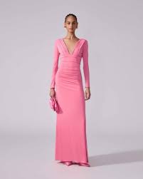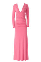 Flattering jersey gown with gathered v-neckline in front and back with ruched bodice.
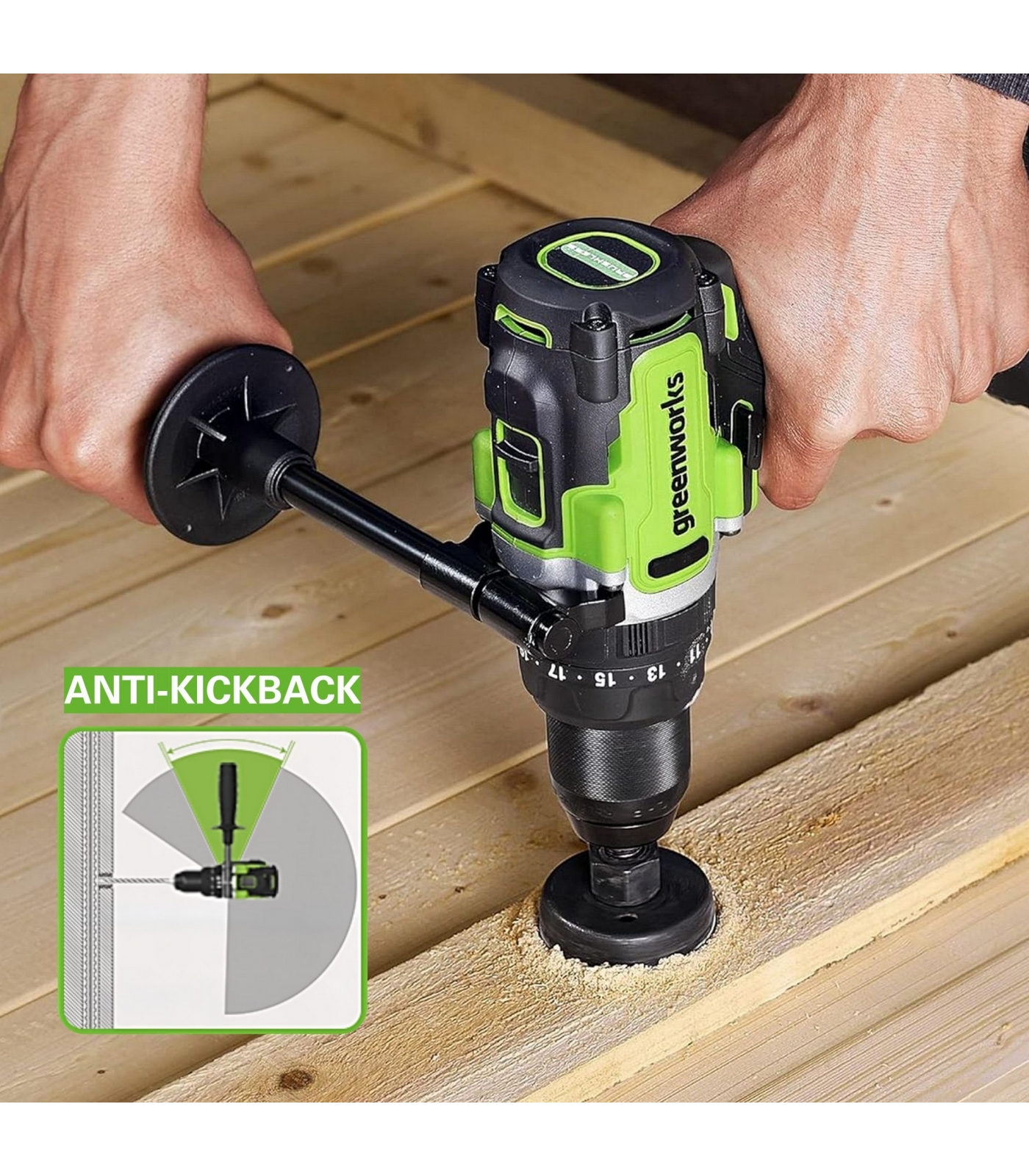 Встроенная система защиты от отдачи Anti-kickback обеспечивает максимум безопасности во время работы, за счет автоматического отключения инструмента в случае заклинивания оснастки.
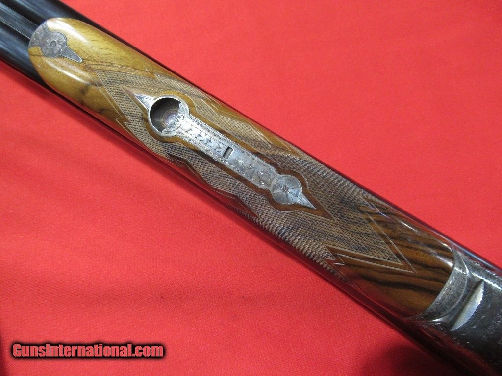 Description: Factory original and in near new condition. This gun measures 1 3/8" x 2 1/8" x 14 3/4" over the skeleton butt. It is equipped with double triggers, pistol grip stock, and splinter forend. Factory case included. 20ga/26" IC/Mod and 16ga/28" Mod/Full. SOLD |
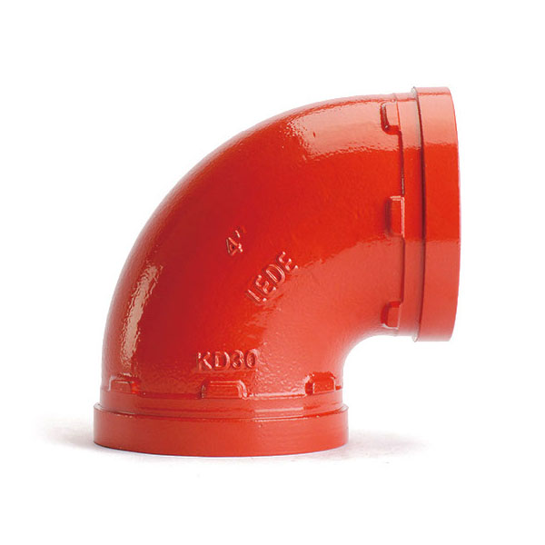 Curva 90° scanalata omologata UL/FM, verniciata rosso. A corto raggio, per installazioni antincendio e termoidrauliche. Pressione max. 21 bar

==

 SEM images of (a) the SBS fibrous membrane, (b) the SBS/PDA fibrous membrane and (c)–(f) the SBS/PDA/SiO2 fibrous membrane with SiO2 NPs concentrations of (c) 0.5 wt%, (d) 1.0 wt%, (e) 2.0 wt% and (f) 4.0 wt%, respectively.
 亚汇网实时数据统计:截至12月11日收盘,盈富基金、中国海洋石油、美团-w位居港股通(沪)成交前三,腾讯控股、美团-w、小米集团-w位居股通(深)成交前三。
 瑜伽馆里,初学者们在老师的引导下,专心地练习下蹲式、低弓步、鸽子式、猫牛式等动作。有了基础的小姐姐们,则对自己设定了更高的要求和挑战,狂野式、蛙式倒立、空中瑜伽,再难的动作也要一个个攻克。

EXERCISE INSTRUCTIONS =>
Excerpt from the records above: set down only the lines from the one that contains "Flattering jersey gown" through the one that contains "Встроенная система защиты", inclusive, word for word. Pictures stay out.

TASK OUTPUT =>
 Flattering jersey gown with gathered v-neckline in front and back with ruched bodice.
 Встроенная система защиты от отдачи Anti-kickback обеспечивает максимум безопасности во время работы, за счет автоматического отключения инструмента в случае заклинивания оснастки.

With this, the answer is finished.